Robert Wilson, who has set earlier novels in Africa, Spain and Portugal, winning the CWA Gold Dagger for A Small Death in Lisbon, has now settled on London as the setting for Capital Punishment. He also has a grief-stricken hero, Charlie Boxer, doing his inadequate best for his daughter, who is about ten years older than Cleeves’s Cassie. Boxer, who has a serious gambling problem, was once in the army before working for the biggest international kidnap consultants and is now freelance. His ex-lover and the mother of his daughter is Mercy Danquah, a Ghanaian officer in the Met’s special kidnap squad. Both become involved in the kidnap of Alyshia d’Cruz, the daughter of a Mumbai billionaire.

In this novel, all the action is there on the page: ‘…she felt her foot in the other man’s hand, a terrible grip which twisted her ankle so that she had to roll with it or have it torn off. He dragged her towards him. Her other leg trapped beneath her. He got her face down on the floor of the cab, both ankles secured, knees bent and heels jammed against her buttocks. He leaned over and grabbed her hair, pulled her head back until her throat was stretched so tight she couldn’t even squeak. She lashed out with her fists. One was caught and then the other and forced behind her back. A man’s crotch was now in her face…’
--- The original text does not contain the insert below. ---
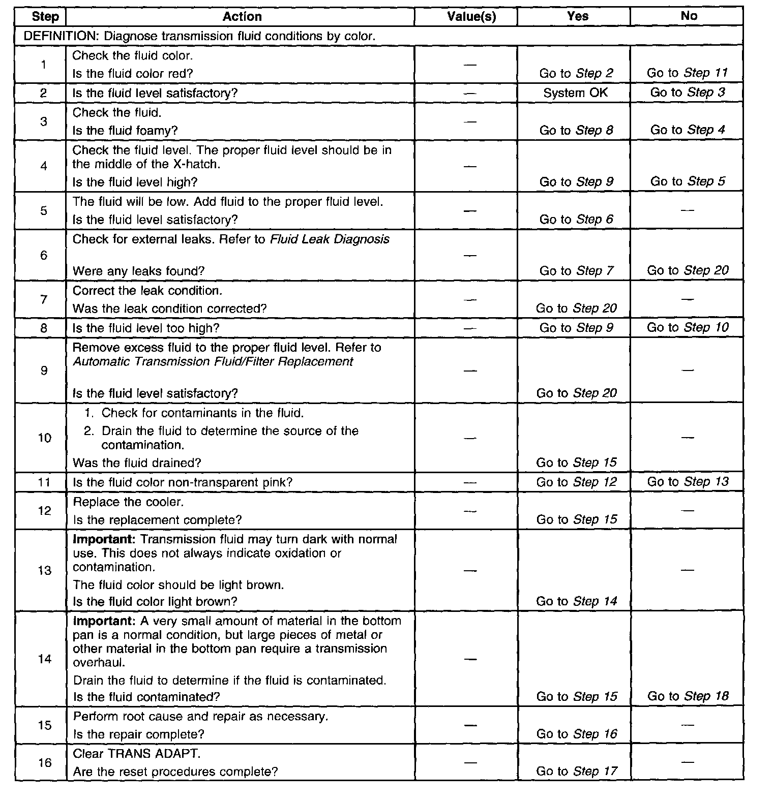 Transmission Fluid Checking Procedure

The plot ranges more widely than Cleeves’s, both geographically and emotionally, taking in gangs and drugs, sex trafficking, corruption and more. Capital Punishment is an engrossing, shocking, and illuminating novel.

Different again is Warren Ellis’s Gun Machine. Ellis is an award-winning and successful graphic novelist from Essex, who has chosen to set his new prose novel inNew York City. Two cops, great friends as well as partners, are called to an apartment building to answer a 911 call. A naked man has been threatening his fellow residents with a large shotgun. One of the cops, Rosato, has a dodgy knee, which gives way under him so that the gunman’s potentially trivial shot, ‘tore off the upper left side of [his] head. There was a wet smack as a fitsful of his brain hit the stairwell wall.’

This leaves his partner, John Tallow, to fell the naked gunman and investigate, fighting the inertia and possible corruption of his bosses and their political allies until he uncovers the reasons why the gunman took off his clothes and fired. Like Ann Cleeves’s Dead Water, Gun Machine is set in a circumscribed environment and deals with loss, guilt, and tormented affection, but there the resemblance ends. Where her language is gentle and elliptical, his is sparkily vigorous and pulls no punches whatsoever. Describing the gunman, he writes: ‘a bodybuilder gone to burgers and long days on the sofa…The top of his head was bald and seemed too small to contain a human brain. His cock sat atop his pouchy balls like a gray clit.’

If you have the stomach for it, this is a thoroughly entertaining, fast-moving, if slightly implausible, adventure into a particular kind of psychopathic mindscape.